"""
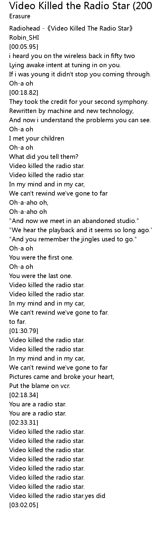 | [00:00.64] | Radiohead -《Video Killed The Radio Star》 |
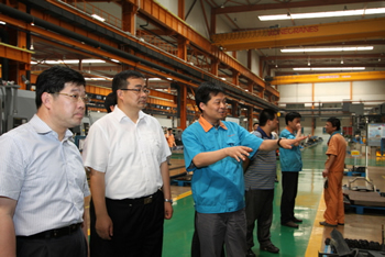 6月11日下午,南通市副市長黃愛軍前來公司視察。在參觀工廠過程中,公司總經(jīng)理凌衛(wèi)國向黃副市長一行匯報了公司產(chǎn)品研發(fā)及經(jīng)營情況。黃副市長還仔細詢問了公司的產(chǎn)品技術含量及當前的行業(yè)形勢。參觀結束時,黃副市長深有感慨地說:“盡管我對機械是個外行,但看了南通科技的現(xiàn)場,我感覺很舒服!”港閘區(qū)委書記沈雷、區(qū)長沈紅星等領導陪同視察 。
"""
"""
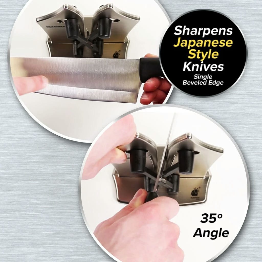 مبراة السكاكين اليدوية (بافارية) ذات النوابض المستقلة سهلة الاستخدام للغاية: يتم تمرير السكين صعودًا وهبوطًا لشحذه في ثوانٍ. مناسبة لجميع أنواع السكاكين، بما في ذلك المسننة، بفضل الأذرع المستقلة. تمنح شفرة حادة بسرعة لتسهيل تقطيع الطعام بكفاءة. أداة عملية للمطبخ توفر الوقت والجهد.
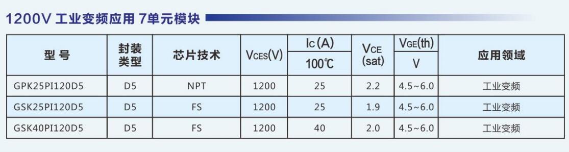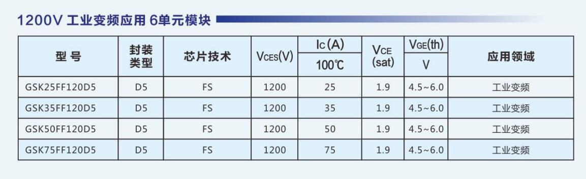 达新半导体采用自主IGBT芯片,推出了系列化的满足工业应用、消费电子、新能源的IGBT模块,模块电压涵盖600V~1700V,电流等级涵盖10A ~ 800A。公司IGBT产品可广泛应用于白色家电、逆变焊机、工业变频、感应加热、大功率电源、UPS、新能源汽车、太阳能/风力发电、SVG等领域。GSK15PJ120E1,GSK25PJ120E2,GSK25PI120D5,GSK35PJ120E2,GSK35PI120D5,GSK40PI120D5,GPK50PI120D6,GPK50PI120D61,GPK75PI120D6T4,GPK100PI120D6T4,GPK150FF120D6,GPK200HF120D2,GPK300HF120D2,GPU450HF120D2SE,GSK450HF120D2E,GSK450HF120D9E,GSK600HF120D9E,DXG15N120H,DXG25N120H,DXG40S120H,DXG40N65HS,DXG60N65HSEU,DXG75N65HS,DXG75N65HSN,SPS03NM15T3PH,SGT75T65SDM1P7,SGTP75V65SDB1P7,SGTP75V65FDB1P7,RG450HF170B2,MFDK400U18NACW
"""
Begin at the line in the entries above that has "Radio Star》 |", stop after the line that has "6月11日下午,南通市副市長", and output exactly those lines without pictures.

Finished exercise:
 | [00:00.64] | Radiohead -《Video Killed The Radio Star》 |
 6月11日下午,南通市副市長黃愛軍前來公司視察。在參觀工廠過程中,公司總經(jīng)理凌衛(wèi)國向黃副市長一行匯報了公司產(chǎn)品研發(fā)及經(jīng)營情況。黃副市長還仔細詢問了公司的產(chǎn)品技術含量及當前的行業(yè)形勢。參觀結束時,黃副市長深有感慨地說:“盡管我對機械是個外行,但看了南通科技的現(xiàn)場,我感覺很舒服!”港閘區(qū)委書記沈雷、區(qū)長沈紅星等領導陪同視察 。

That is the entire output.